He did, however, suspect that he was among the first to reach the gauntlet of rocks known as the Guardians. These rocks, and the twisted course between, choked Fear Narrows, the entrance to the inland Dread Sea – which some also called the Sea of Dread. He did believe he was the first of his compatriots to manage this particular miracle of seamanship.

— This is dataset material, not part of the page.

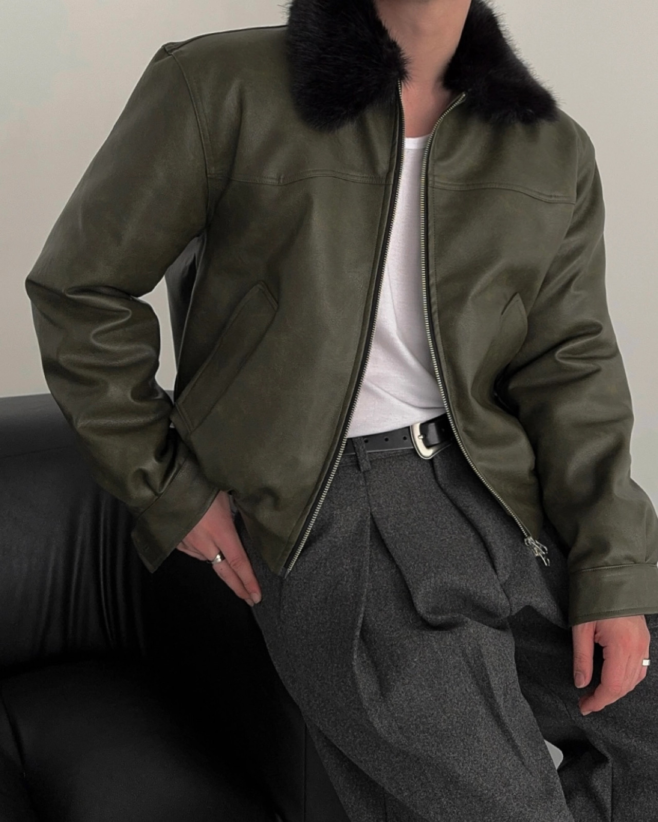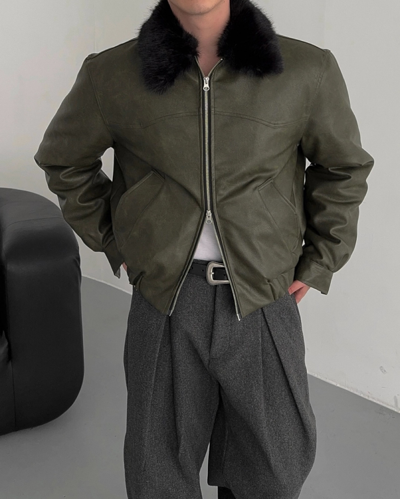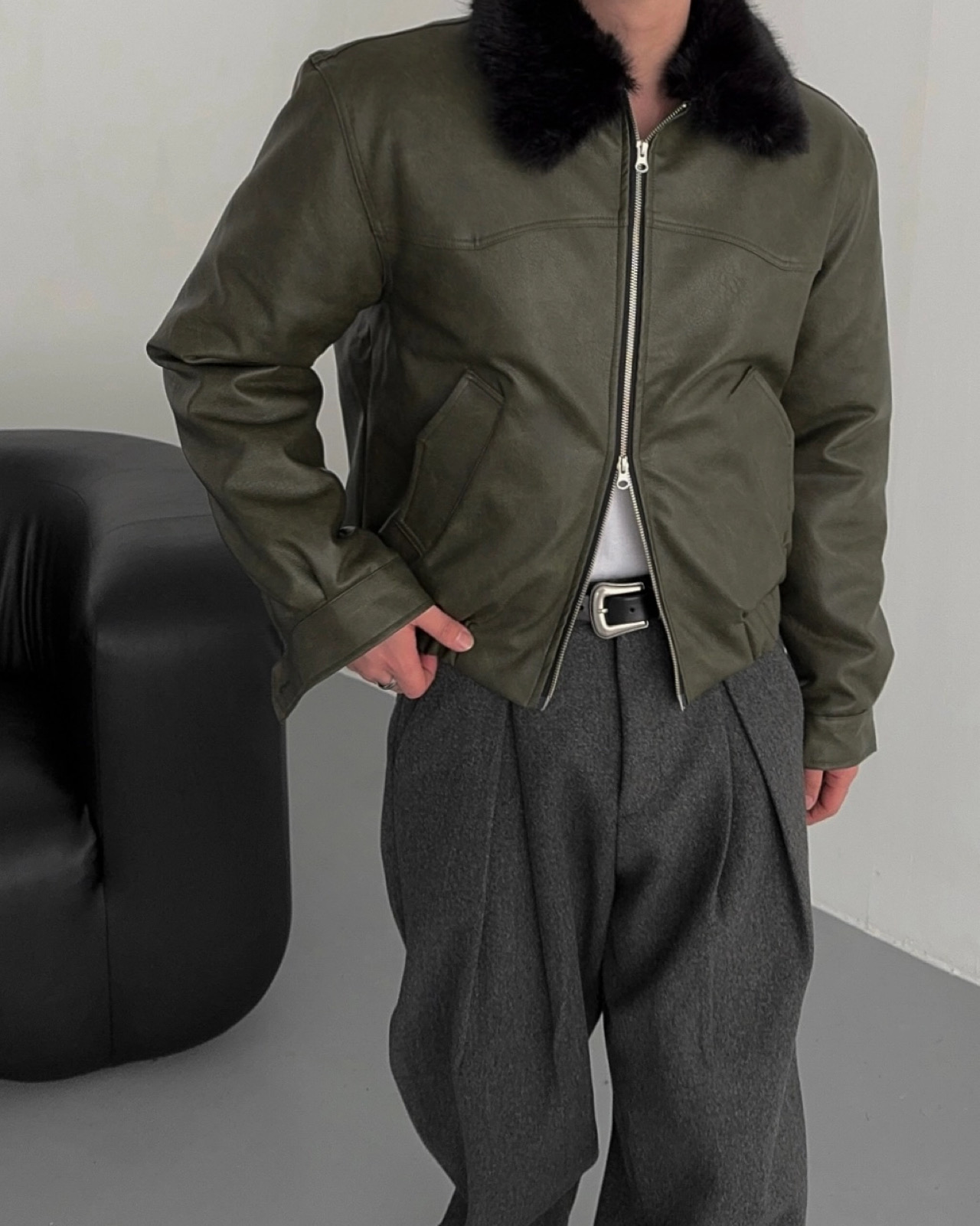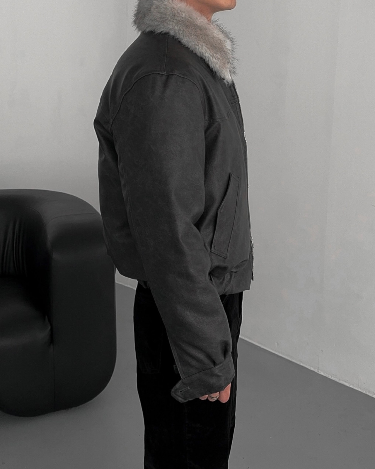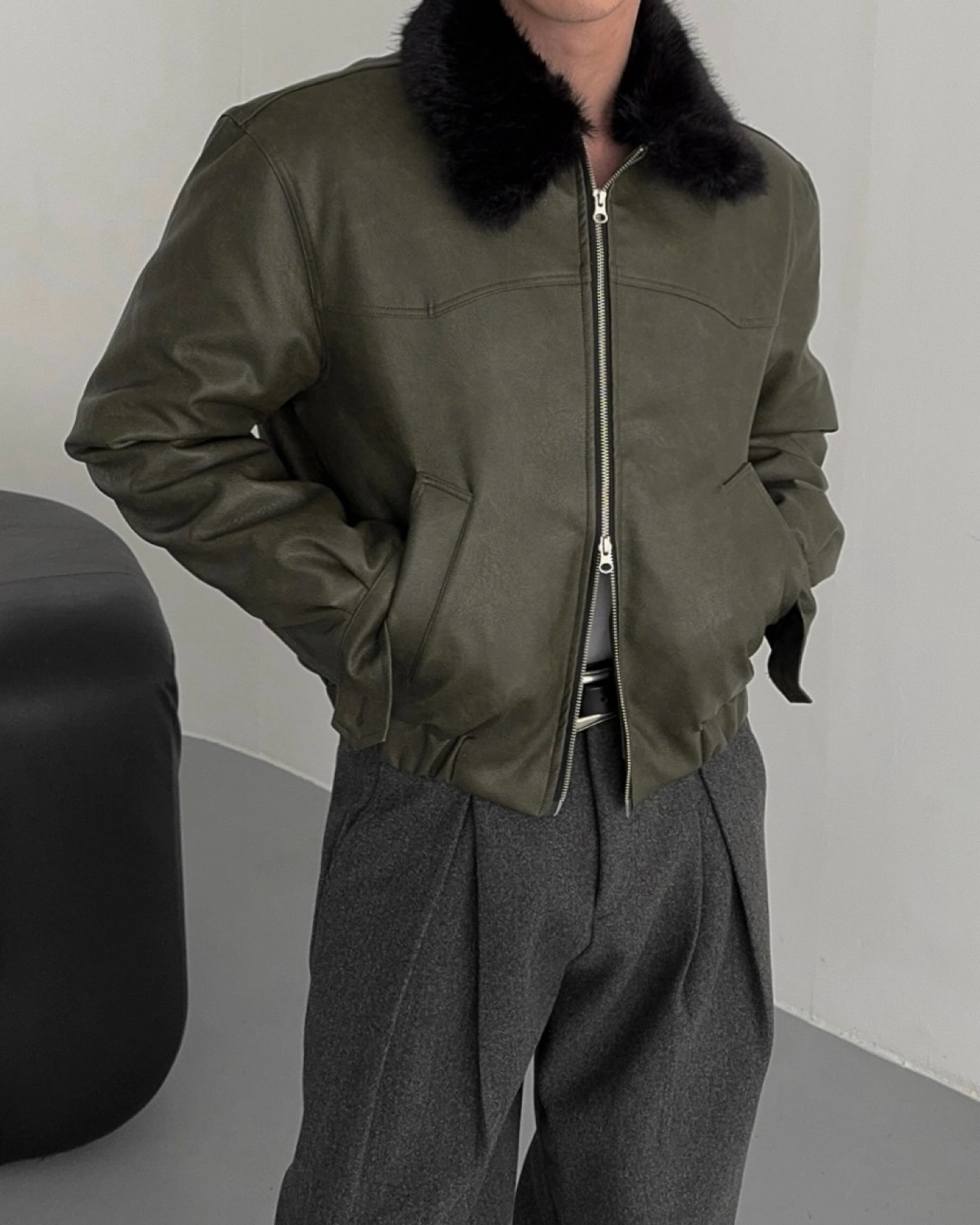 -리얼 라쿤퍼가 부착된 레더 점퍼

And now he, his vessel – the Sea Strike – and his crew lay becalmed somewhere on the pale milky waters of the Dread Sea. His crew manned the oars, of course, though progress was hard to determine among the near constant mists and fogs that shrouded the stars at night and obscured the unfamiliar coast by day. Many were for putting in until the damned fogs abated, but he suspected that such conditions were unavoidable here in these strange lands and waters. Besides, each time they’d put in for water, or to hunt, hostile locals had met them and they’d put spears through four of his crew.
Banks of the thick mists drifted by like smoke to enmesh them in their clinging arms. Dark shapes seemed to loom through the fogs. Other ships, perhaps, just as lost. His lookouts shouted but only their own calls echoed back across the waters. Or so Burl assumed, as the returning shouts sounded eerily like voices in other languages calling their warning. Perhaps even crying their panic.
‘Sea-monster!’ a lookout warned one morning and Burl almost ordered the poor fellow to come down as his eyes were playing tricks upon him. But others called now, pointing to port, where a dark shape closed upon them. Long and tall it was in the fog. By the great sea-god himself, Burl swore, amazed: a sea-dragon.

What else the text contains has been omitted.